BIG SKY – Nine Montana resort communities or areas collect a tax to fund local services and programs. On Dec. 12, seven of them were represented on a conference call spearheaded by the Big Sky Resort Area District board.

Four of the five BSRAD board members—Heather Budd, Kevin Germain, Ginna Hermann and Jamey Kabisch—met in Big Sky Resort’s Shoshone Board Room and discussed a wide range of topics facing resort areas and communities with representatives on the call from West Yellowstone, Red Lodge, Whitefish, Gardiner, Virginia City and Cooke City.

Issues including short-term vacation rental collections, economic development hurdles and legislative efforts were on the docket, and the discussion indicated that each district has unique challenges.

Lanie Gospodarek in West Yellowstone and Whitefish’s Chuck Stern both described problems collecting tax from travel or guide companies located outside of their districts, but picking up clients inside of those districts.

“This is obviously one of those muddy topics,” said Kabisch, adding that he’d like to look at West Yellowstone’s ordinance and revisit Big Sky’s. “This is something we’ve struggled with, with some specific industries, but I think it could become a bigger issue so that we’re not double-taxing the people that are providing the services. We all want to be pro-business and pro-growth.”

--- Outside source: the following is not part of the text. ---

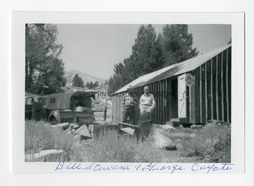 Photo of two men standing by a cabin (looks similiar to Manzanar barracks). There is a truck with an open camper in the background. It looks like they are camping. Written beneath the picture is, "Bill Steward and George. Coyote."

Germain then spoke about the legislative issues he’s been working on, particularly in regards to workforce housing and resort tax.

He said Mona Jamison, BSRAD’s attorney since its inception in 1992, is retiring after the 2017 legislative session but has been employed to do some “defensive lobbying” for the district this session.

“We pay Mona to spend a lot of time in Helena looking at bills that are being drafted and coming down the pipeline,” Germain said. “[She’s] specifically looking at bills that could impact us as a resort tax community.” Jamison is looking at 17 state legislative bills that could affect resort tax.

Jamison said the state Legislature is more conservative after November’s election, which could be a hurdle for passing a bill that would raise the resort tax option from 3 to 4 percent.

Germain recalled the 2015 session and a bill that would have allowed resort tax communities to vote to increase the cap to 4 percent. The increase was earmarked specifically to fund historic preservation but Big Sky worked with Representative Kerry White to have it amended to include workforce housing. It passed the House decisively but failed in a 25-25 tie in the Senate.

“We here in Big Sky see workforce housing as the biggest hurdle to economic growth,” said Germain, adding that a 2014 affordable housing study showed 83 percent of Big Sky’s workforce commutes from elsewhere.

“I’m wondering if by calling it something more like ‘affordable housing’ or ‘community housing’ … if you have people saying they’re adamantly opposed to ‘workforce housing,’ can you sell it differently?” suggested Rebecca Demaree from Gardiner.

“We will work on what the best word is,” Jamison said. “Certain words conjure up certain emotions, stereotypes, etcetera … Workforce housing is the word we’ve been using and it ties in directly to economic development.”

The attendees touched on a number of other issues facing each community, including subsidizing daycare, infrastructure needs and delinquent tax collectors.

Kabisch closed the nearly two-hour summit by saying it would be helpful to circle back and repeat the conference call with the parties involved during the legislative session.